= Maureen Johnson (Heinlein character) =

Fictional character

Maureen Johnson Smith Long (July 4, 1882 – "June 20, 1982") most often referred to as Maureen Johnson, is a fictional character in several science fiction novels by American writer Robert A. Heinlein. She is the mother, lover, and eventual wife of Lazarus Long, the longest-living member of Heinlein's fictional Howard families. She is the only character from the "Lazarus Long cycle" to have an entire fictional memoir devoted to her life.

==Background==

Maureen first appears as a secondary character in the 1973 novel Time Enough for Love. She appears briefly in The Number of the Beast (1980) and The Cat Who Walks Through Walls (1985) and recounts her own life story, and sometimes contradictory versions of events recorded in other Heinlein stories, in 1987's To Sail Beyond the Sunset.

==Early life and marriage==

Maureen was born in Missouri on July 4, 1882, the daughter of Doctor Ira Johnson, a member of the Howard families. As a young teenager, Maureen discovers this fact from her very frank father who encourages her to seek a husband from among the accepted list of family candidates. She marries Brian Smith and they settle in Kansas City and have several children, all subsidized by the Howard Families foundation.

==Children==

The most famous of her children is Woodrow Wilson Smith, born November 11, 1912. Woodrow will eventually be known by many names in his long life, the most famous being "Lazarus Long."

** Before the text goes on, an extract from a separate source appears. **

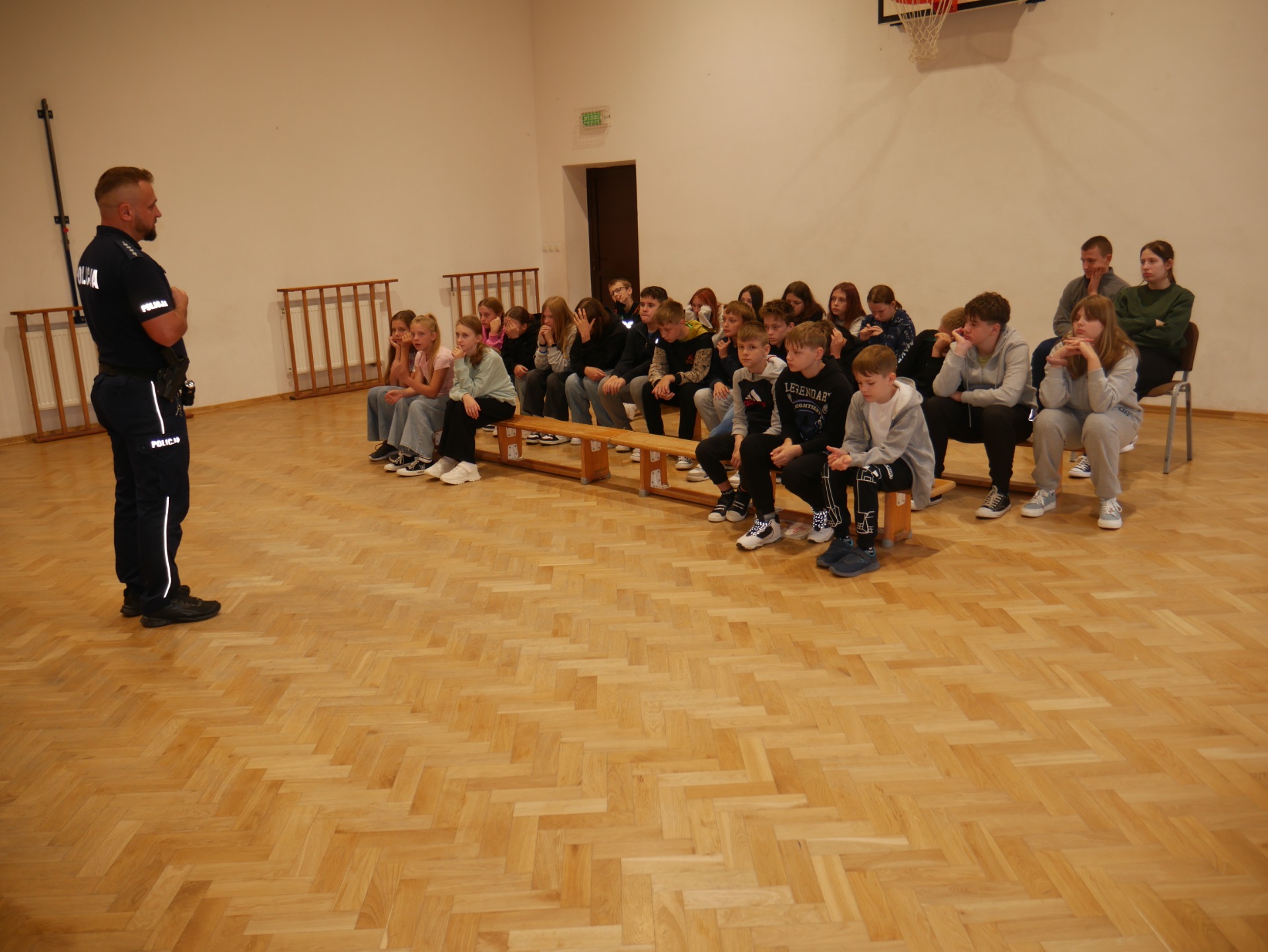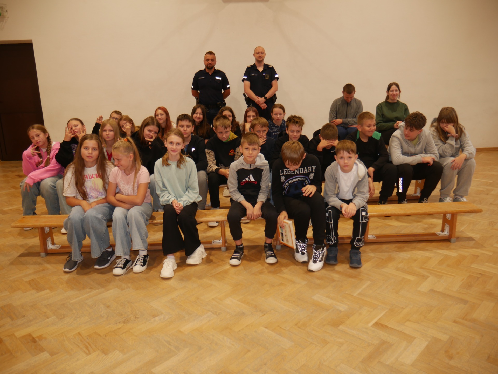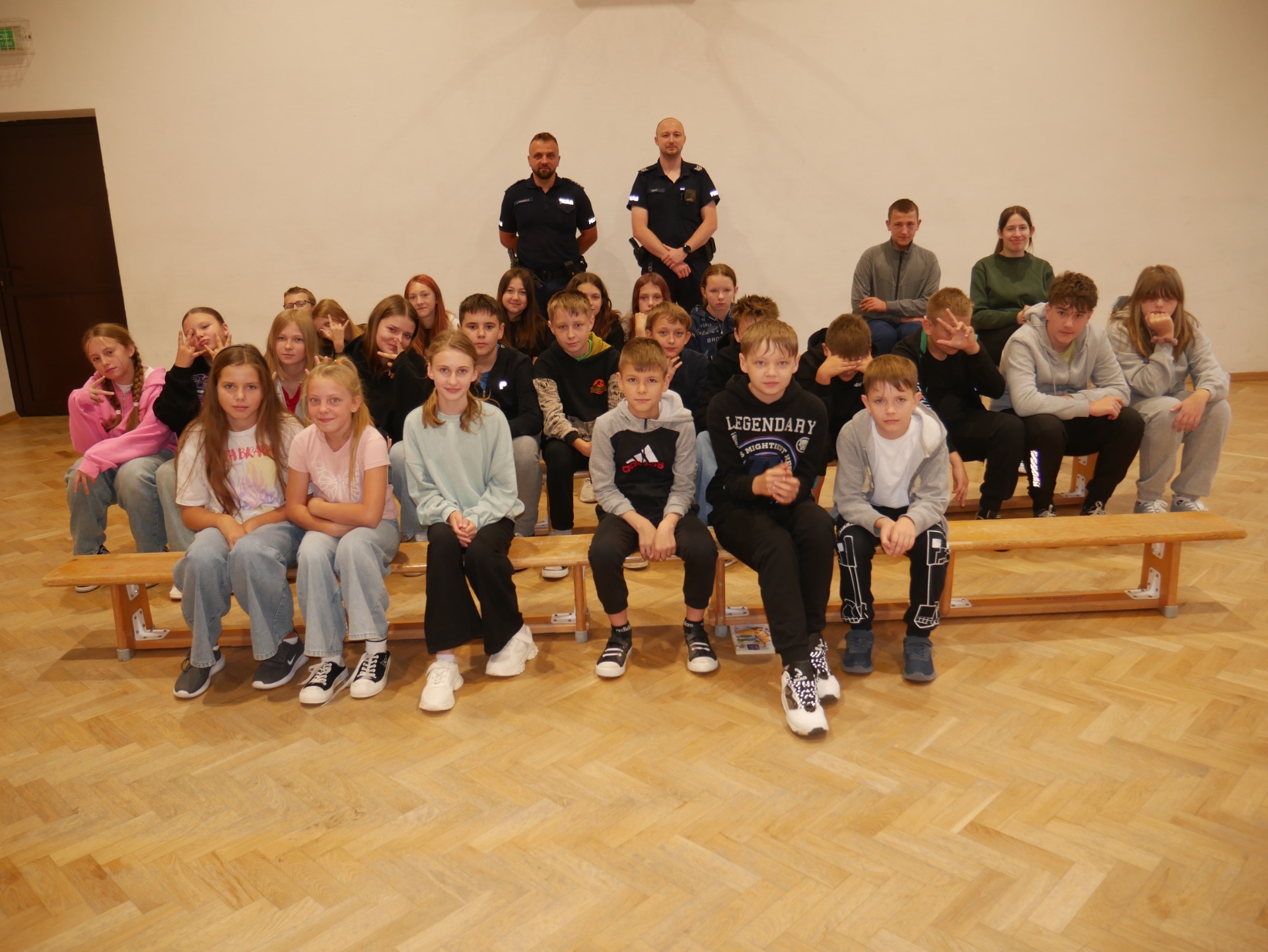 Panowie policjanci poinformowali uczniów o zagrożeniach płynących z poruszania sie po drogach jak również z udziałem w mediach społecznościowych.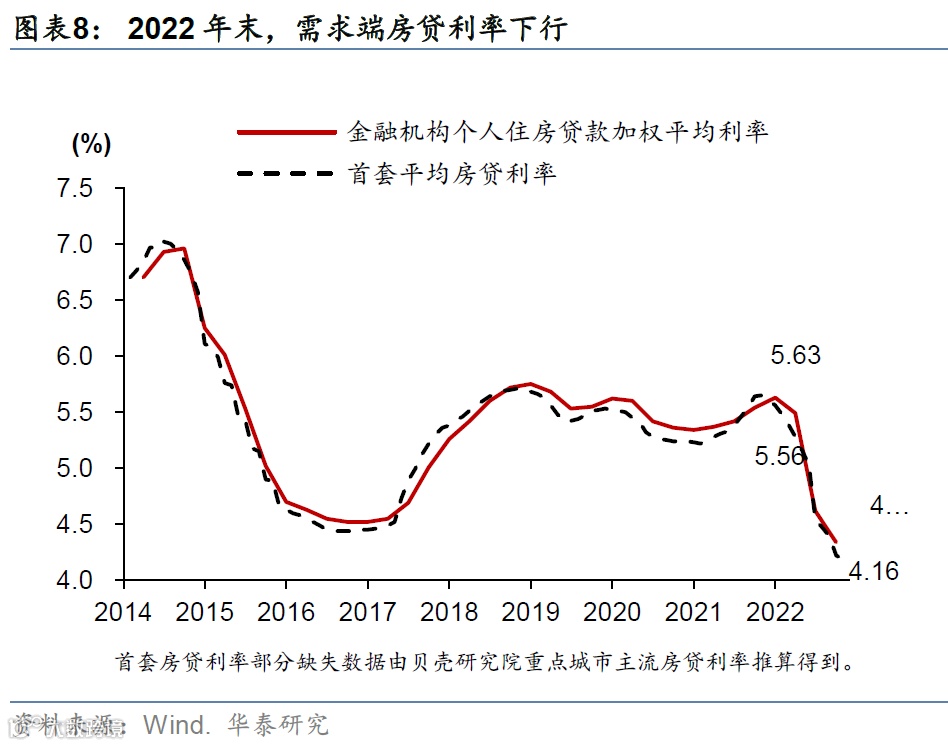 同时,地产需求端政策从今年2季度来密集调整,累积宽松幅度已经匹敌2014-15的稳增长周期,以房贷利率为例,目前金融机构个人住房贷款加权平均利率和首套平均房贷利率分别为4.34%、4.16%,较2022年初下降30-40个bp,也已经低于2016-2017年的低点,居民房贷还款压力有明显缓解(图表8和9)。然而,由于疫情的影响,地产销售仍未出现明显突破。但我们预计,随着防疫政策的快速优化,地产需求侧政策宽松的效果也有望逐步释放。

Time Enough for Love recounts how, during 1916, Maureen and her father are visited by a mysterious man who calls himself Theodore Bronson. Bronson and Maureen are mentally and physically attracted to one another, and even go on a date and attempt to have sex, but are thwarted by young "Woody," who sneaks along, hidden in the back of the car. Ted Bronson eventually goes off to fight in the war, and is presumed killed. "Bronson" was eventually revealed to Maureen to be her time-traveling son, Woodrow, aka "Lazarus Long."

==Post-divorce business career and "death"==

When Brian Smith divorces Maureen to marry their daughter-in-law, Maureen strikes out on her own, becomes a board member of D. D. Harriman's Harriman Enterprises, the first company to put a man on the moon in Heinlein's central universe ("The Man Who Sold the Moon"). She also witnesses the introduction of the "rolling roads" ("The Roads Must Roll").

On June 20, 1982, Maureen, just short of her one hundredth birthday, is crossing a street when a truck barrels down on her. She has no time for regrets as she is scooped up in a rescue mission from the future by her son Lazarus, with assistance from Hilda Corners Burroughs, Jacob Burroughs, Zebediah Carter, Dejah Thoris "Deety" Burroughs Carter and their sentient car, Gay Deceiver. The rescue is outlined in the book The Number of the Beast.

==Rejuvenation and Time Corps career==

She is rejuvenated and first works as a nursing assistant, then a nurse, and eventually a physician and rejuvenator herself. But she regrets not knowing the eventual fate of her beloved father, Dr. Ira Johnson, and on the advice of her co-husband, Jubal Harshaw becomes an agent of the Time Corps (often accompanied by Pixel, the titular "Cat Who Walks Through Walls"). She is kidnapped by the "Committee for Aesthetic Deletions" while on a research trip and held in Kansas City on a previously unknown time-line. Pixel manages to lead Lazarus to Maureen and rescue her from the committee. Then Maureen, Lazarus and the rest of the Long family rescue Ira Johnson from certain death during the Coventry Blitz.

==Worlds without end==

Maureen is united with her descendants in a massive group marriage in the settlement of Boondock on the planet Tellus Tertius. Her last words in To Sail Beyond the Sunset are:

So we all joined hands in the presence of our children (of course Pixel was there!) and we pledged ourselves to love and cherish our children--those around us, those still to come, worlds without end.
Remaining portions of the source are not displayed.